We have ONE main aim…to prevent breast and other cancers in women and men with a high genetic risk.

About 12,000 Australian families carry breast cancer genetic faults. They have an increased risk of developing breast cancer. To find out more about these mutations kConFab collects biological samples and genetic, medical and social information from families with strong histories of breast cancer. This information is used to study familial breast cancer - how to prevent it and smarter and faster ways to detect and treat it more effectively. This information is also relevant to women with breast and ovarian cancer who do not have a strong family history of breast cancer.

One in nine Australian women will be diagnosed with breast cancer

But the risk is not spread evenly – those women with a family history are at a higher risk.

Those at highest risk belong to families who have mutations in the breast cancer genes, known as BRCA1, BRCA2, PALB2, ATM, p53 and PTEN. The mutations are passed from one generation to the next.

Everyone who inherits a mutation is at increased risk of developing cancer: breast, ovarian, fallopian tube and pancreatic cancer in women, breast, pancreatic and prostate cancer in men – yes, men also develop breast cancer in high risk families. All too often, these genetic cancers arise early in life, often during childbearing years and the middle of a career.

There is help. People with strong family histories of breast, ovarian and other cancers can now be offered genetic testing to discover whether they carry a mutation in one of the known breast cancer genes. Frequent clinical surveillance to detect cancer at its earliest stage, when the chance of a cure is greater, is also available.

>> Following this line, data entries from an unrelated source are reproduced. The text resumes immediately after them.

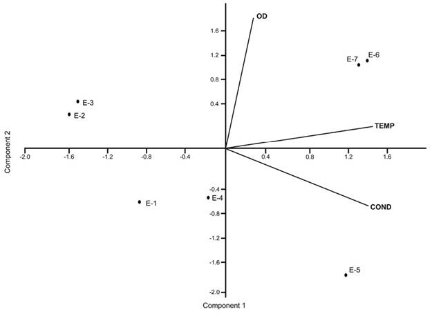 El ACP indica que la relación entre las variables ambientales puede ser explicada por los dos primeros ejes en un 93 %. El eje 1 presentó una correlación positiva con las tres variables (temperatura: 0.71, conductividad: 0.70 y OD: 0.03). El eje 2, se correlacionó positivamente con OD (0.99) y TEMP (0.02). Negativamente, se correlacionó con COND (-0.07) (Figura 4). La variabilidad por estación se correlacionó negativamente en el eje 1 para las estaciones E1, E2, E3 y E4. Positivamente, se correlacionó con las estaciones E5, E6 y E7. En el eje 2 se correlacionó positivamente con las estaciones E2, E3, E6 y E7, mientras que, las estaciones E1, E4 y E5 fueron correlacionadas negativamente. Por otro lado, el ACC indica que la correlación entre las variables físicas, químicas y biológicas puede ser explicada por los dos primeros ejes en un 68 % (Figura 5). Las variables de conductividad y temperatura estuvieron relacionadas positivamente con las especies A. benedettoi, A. planicollis, Anacroneuria sp. 1 y Anacroneuria sp. 2. Mientras que el OD estuvo relacionado negativamente con A. quetzali.
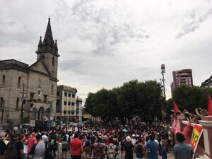 Manifestantes se reúnem em frente à Igreja São Sebastião em ato contra o presidente Jair Bolsonaro – Foto: Portal Dia a Dia Notícias
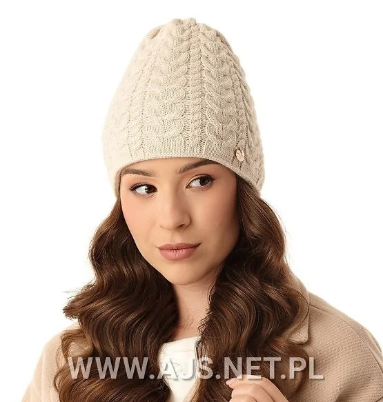 Czapka damska - dwuwarstwowa - idealna na zimowe dni - zdobiona delikatnym splotem i naszywką   Skład: 100% akryl
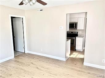 Charming 2 bed, 1 bath home located on quiet, dead end street on oversized lot. Front door leads into the living room which offers an abundance of natural light. First bedroom to the left of the living room holds full bathroom. Kitchen is newly updated. You will find the second bedroom off of the kitchen. Use this spacious room as another bedroom, family room or bonus room. Basement holds washer and dryer and walks out to the patio in the fenced in backyard. Flooring throughout home is updated. Close to 1-55, 1-64, STL and shopping. This is a NO SMOKING, NO PET HOME. Application fee $50.00 per applicant over age 18. Credit, criminal, employment and evictions will checked. Holding deposit due within 24 hours of approval. MILITARY DISCOUNTS MAY APPLY PLEASE ASK!
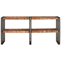The Rustic Wooden Console Table is a stylish and practical addition to any hallway, easily bridging rustic charm with modern needs. Its rectangular shape and textured surface make it a standout feature that welcomes guests into your home. Designed for both showcasing decorative items and storing everyday essentials, this Console Table fits right in, boosting a room’s natural look while offering great storage. Opaque Materials: Made with opaque elements, this table captures a classic rustic vibe that brings in warm, soft light without harsh reflections. It creates a cosy atmosphere, enhancing the welcoming feel of your home. The unique texture adds depth and character, making it a great fit for various styles. Robust Steel Framework: With a sturdy steel frame, this console table is built to handle daily use while looking good. The steel legs and frame offer reliable support, keeping the table sturdy for years. This mix of materials ensures it’s strong enough for any busy household. Ample Storage Space: The built-in shelves provide plenty of room for organising or showing off your favourite things. Perfect for displaying decorative pieces or keeping essentials where you need them, the shelf design blends style with practicality for modern living. Indoor Utility: Made just for indoor use, this console table shines in hallways where space is limited. It has a slim yet substantial top, perfect for decorative or functional items while fitting snugly against walls for the best use of space. Simple Care: Keeping it clean is a breeze thanks to its tough surface; just steer clear of harsh chemicals or abrasives to keep it in top shape. This means you have less to do to enjoy its long-lasting good looks.
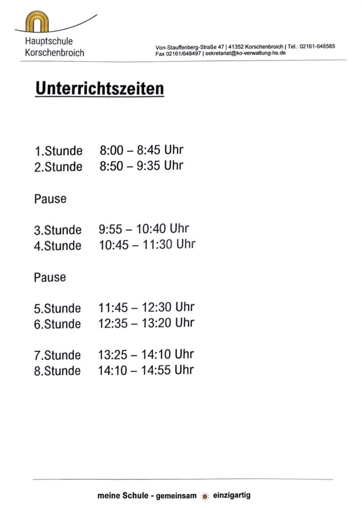 Unterrichtszeiten

kConFab is unique in terms of the quality with which families have been characterised and data collected

• About 12,000 Australian families carry genetic faults in breast cancer genes.
• We collect family histories, biological samples and comprehensive life style and clinical data from “high risk” Australian families. We are regarded as the best publicly-available resource for familial breast, ovarian and prostate cancer in the world.
• We are the major driver of breast cancer research in Australia and provide lifestyle data and biological samples to more than 186 research projects here and overseas.
• It is increasingly clear that studying familial cancers can provide invaluable insights into how to prevent and treat ‘sporadic’ cancers that occurs in people without a family history

We MUST do more research.
We MUST reach more families.
We MUST…

• identify ALL the genes responsible for familial breast cancer.
• discover the best ways to detect tumours at the earliest stages.
• provide the best forms of counselling and psychological support.
• pinpoint the genetic and lifestyle factors that may help protect against the disease.
• develop new ways of preventing cancer.

We need hundreds, perhaps thousands, of families to generate enough statistical evidence to provide unambiguous answers to these questions.